__The input__:
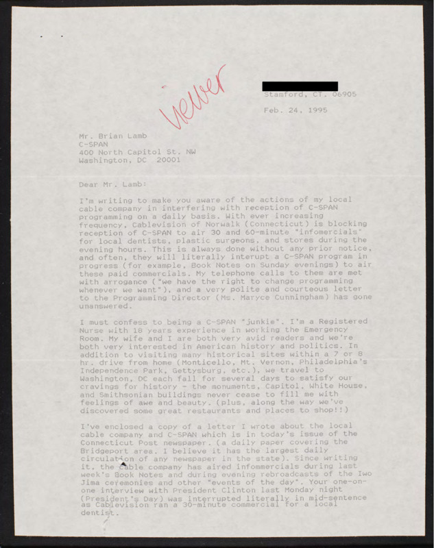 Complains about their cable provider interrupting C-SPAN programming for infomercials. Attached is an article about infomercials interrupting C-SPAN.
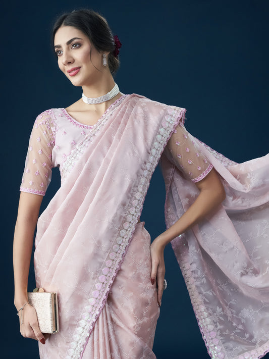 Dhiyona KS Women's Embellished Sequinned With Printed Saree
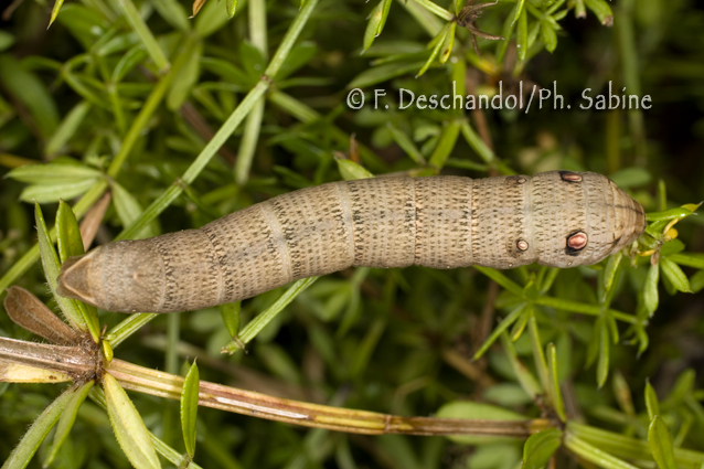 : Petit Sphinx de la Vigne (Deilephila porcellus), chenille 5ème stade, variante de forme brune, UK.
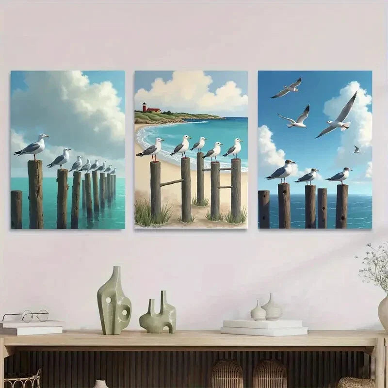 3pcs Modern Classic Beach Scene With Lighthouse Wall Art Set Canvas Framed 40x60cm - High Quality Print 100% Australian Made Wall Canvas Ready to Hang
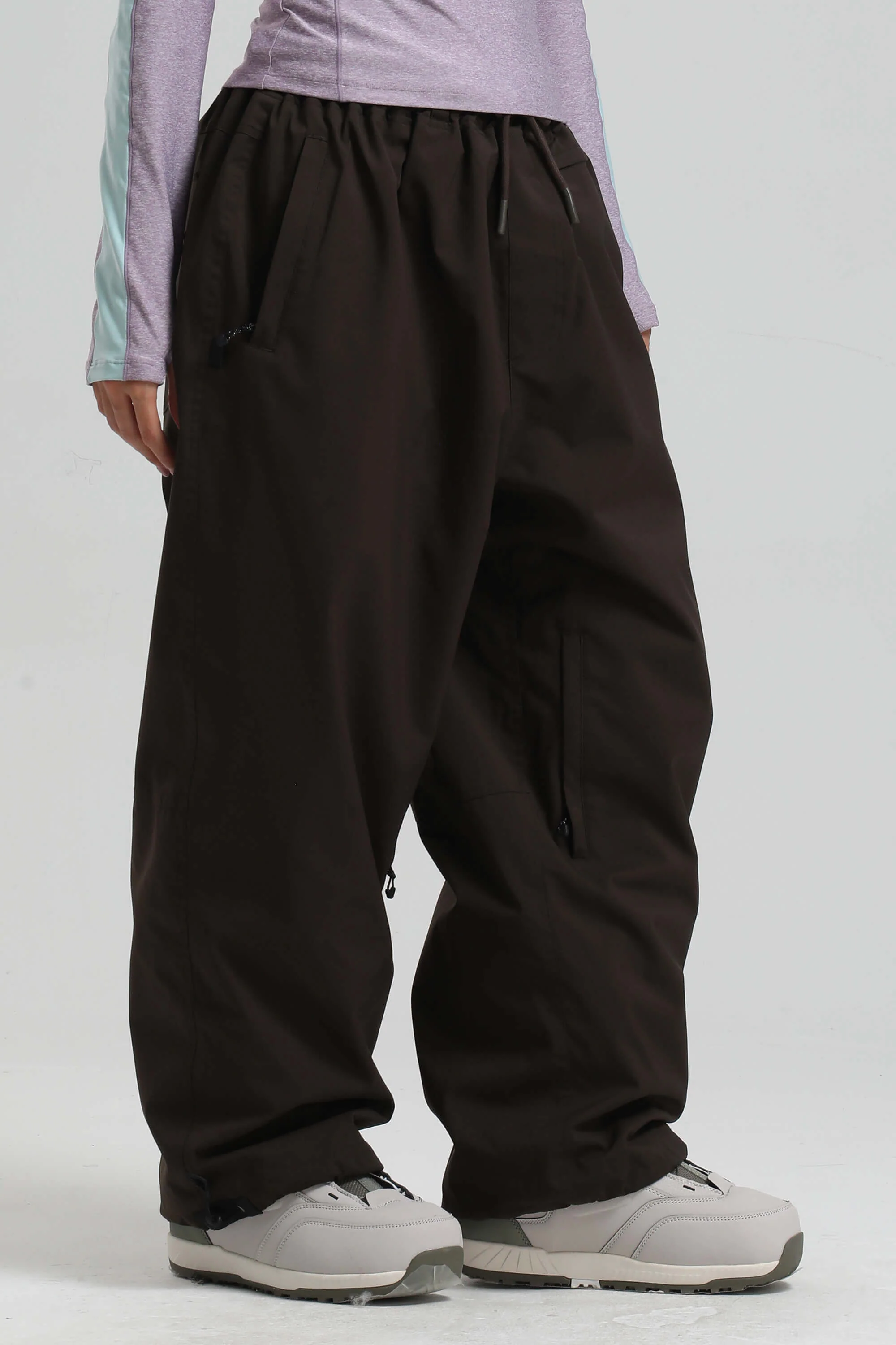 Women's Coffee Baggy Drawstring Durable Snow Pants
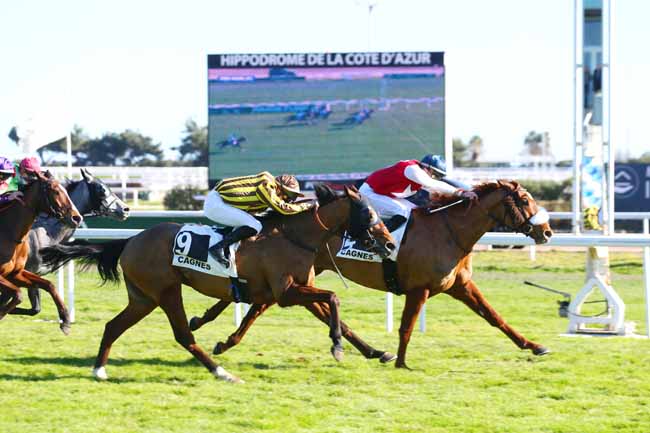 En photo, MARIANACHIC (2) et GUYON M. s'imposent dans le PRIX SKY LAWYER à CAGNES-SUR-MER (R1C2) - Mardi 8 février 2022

__Exercise description__: Transcribe the listing above in full. Pictures are not part of the copy.

__Exercise result__:
 Complains about their cable provider interrupting C-SPAN programming for infomercials. Attached is an article about infomercials interrupting C-SPAN.
 Dhiyona KS Women's Embellished Sequinned With Printed Saree
 : Petit Sphinx de la Vigne (Deilephila porcellus), chenille 5ème stade, variante de forme brune, UK.
 3pcs Modern Classic Beach Scene With Lighthouse Wall Art Set Canvas Framed 40x60cm - High Quality Print 100% Australian Made Wall Canvas Ready to Hang
 Women's Coffee Baggy Drawstring Durable Snow Pants
 En photo, MARIANACHIC (2) et GUYON M. s'imposent dans le PRIX SKY LAWYER à CAGNES-SUR-MER (R1C2) - Mardi 8 février 2022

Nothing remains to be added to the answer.